We’d never know about the sensational crime except that Greg Haidl, the filmmaker/participant and the son of an ultra-wealthy assistant sheriff, clumsily lost his homemade porno after proudly showing it to friends. Eventually, the 21-minute film made its way to police, who initially believed they’d discovered a bizarre case of necrophilia. The arrests of Haidl, Kyle Nachreiner and Keith Spann began an intense, eight-year court battle that ended with convictions and six-year prison sentences—and created a political earthquake from which Orange County is still recovering.
Though long over, the case remains polarizing, especially in classrooms such as the one with Doe in attendance. Those who side with the defendants are often the angriest. They opine that the victim enticed the men by wearing provocative clothes and flirting. Some people go so far as to claim the girl’s mere presence with partying men was a “green light” for a gangbang. Those are infuriating stances to Doe, who kept her mouth shut during the debate. Neither the professor nor the other students knew that if she spoke, she would do so with compelling authority.

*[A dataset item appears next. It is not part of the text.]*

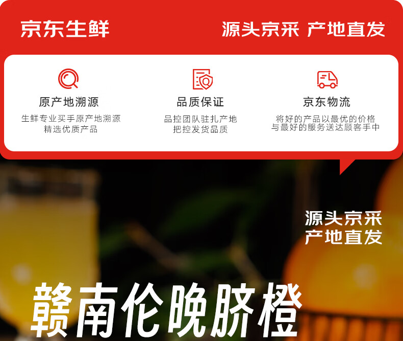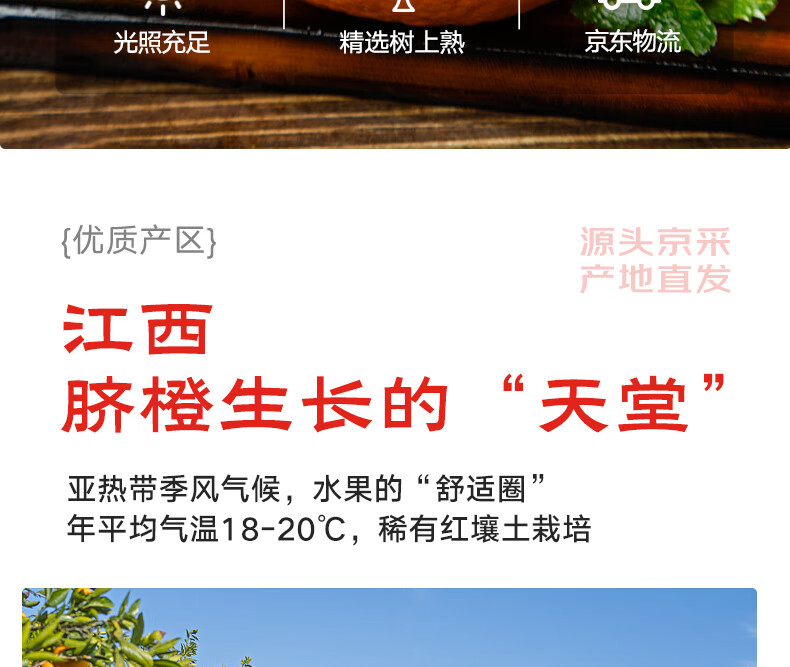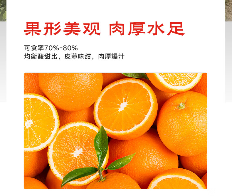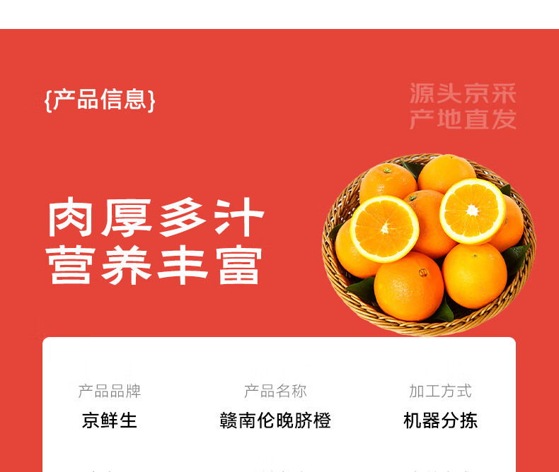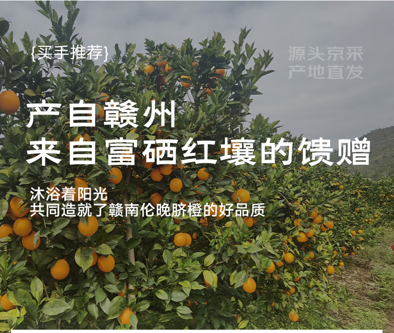 京鲜生 赣南伦晚脐橙 铂金果 净重4.5-5斤 果径65-75mm 源头直发包邮

“I was unconscious, and there’s a video to prove it,” she tells me, unable to mask her incredulity.
She is the Jane Doe in the Haidl case. The horrific crime plus the savage, multimillion-dollar defense smear and intimidation campaign coupled with public scorn and her own missteps came close to ruining her permanently. It has taken a while to recover from all the abuse, but there’s good news.
Two months shy of the 10th anniversary of the crime, Doe is ready to break her silence in a public forum. On April 27, she will give a seven-minute speech at Orange County’s annual Victims’ Rights March and Rally in Santa Ana. She has decided to reveal her first name at the event.
“In 2002, my world collapsed, and I lost everything I knew,” she says. “But now I’ve turned a horrible situation into a positive. I’ve taken my life back.”
* * *
Everybody expected that Assistant Sheriff Don Haidl—a chain smoker with a cocktail near-permanently attached to his hand and a scowl on his emaciated face—would do everything he could to keep his son out of prison following the arrests. But few people could’ve anticipated the extent to which Haidl’s legal defense team—totaling more than a dozen defense lawyers, including a former state Supreme Court justice, a retired FBI agent and, get this, a publicist—would go. Private investigators aggressively tailed and photographed Doe and her parents for years. A poster was circulated in Doe’s neighborhood soliciting dirt on her. Her medical records were illegally released to reporters. She was repeatedly called a “slut,” and her female friends were privately convinced to alter their stories to match the defense’s case. Haidl brought in a veteran Los Angeles porno star to testify that Doe was faking unconsciousness in the video while playing the role of a corpse. Not satisfied, he also paid a New York doctor to claim with all seriousness that Doe didn’t need to give oral consent to the gangbang because her rectum had done so when it accepted the insertion of foreign objects. The defense team even got CBS show 48 Hours to broadcast a fact-ignoring feature sympathetic to their clients.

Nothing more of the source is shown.